-------- Data block --------

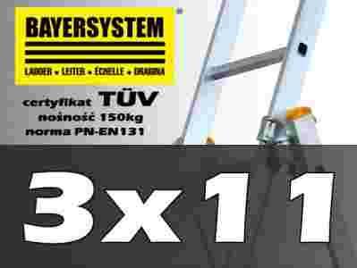 Aluminiowa drabina wielofunkcyjna 3x11 jest znakomitym produktem firmy BAYERSYSTEM. Posiada normę PN EN 131 oraz potwierdzoną nośność na stopień 150kg. Drabina dwustronna z możliwością pionowego rozłożenia i przystawienia np. do ściany budynku. Dodatkowo możliwość wysunięcia trzeciego elementu spełnia funkcję drabiny wolnostojącej. Przed niezamierzonym zsunięciem się elementów wysuwanych drabiny zabezpieczają haki. Bezpieczeństwo zapewniają antypoślizgowe stopnie, szeroki stabilizator umieszczony u jednej z podstaw drabiny, stópki antypoślizgowe z tworzywa sztucznego oraz linka uniemożliwiająca rozsunięcie się drabiny.
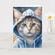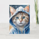 Cartão Arte em Aquarela Gato Listrado Capuz Azul Mancha
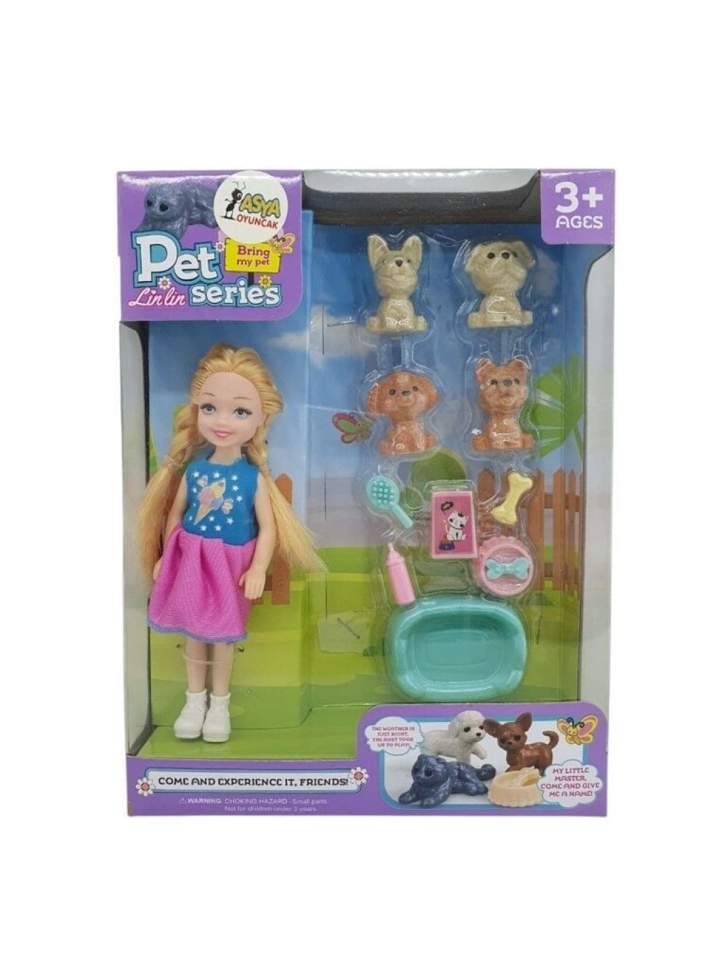 Paket içerisinde 1 adet bebek , 4 adet köpek figürü ve 6 adet bakım seti aksesuarı bulunmaktadır.
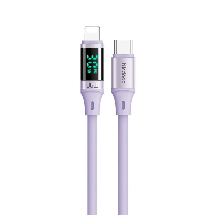 Mcdodo 36W 1.2m PD USB-C - Lightning LED Silikon Kabel Lila

--------

Repeat the listing above exactly, with no pictures.

 Aluminiowa drabina wielofunkcyjna 3x11 jest znakomitym produktem firmy BAYERSYSTEM. Posiada normę PN EN 131 oraz potwierdzoną nośność na stopień 150kg. Drabina dwustronna z możliwością pionowego rozłożenia i przystawienia np. do ściany budynku. Dodatkowo możliwość wysunięcia trzeciego elementu spełnia funkcję drabiny wolnostojącej. Przed niezamierzonym zsunięciem się elementów wysuwanych drabiny zabezpieczają haki. Bezpieczeństwo zapewniają antypoślizgowe stopnie, szeroki stabilizator umieszczony u jednej z podstaw drabiny, stópki antypoślizgowe z tworzywa sztucznego oraz linka uniemożliwiająca rozsunięcie się drabiny.
 Cartão Arte em Aquarela Gato Listrado Capuz Azul Mancha
 Paket içerisinde 1 adet bebek , 4 adet köpek figürü ve 6 adet bakım seti aksesuarı bulunmaktadır.
 Mcdodo 36W 1.2m PD USB-C - Lightning LED Silikon Kabel Lila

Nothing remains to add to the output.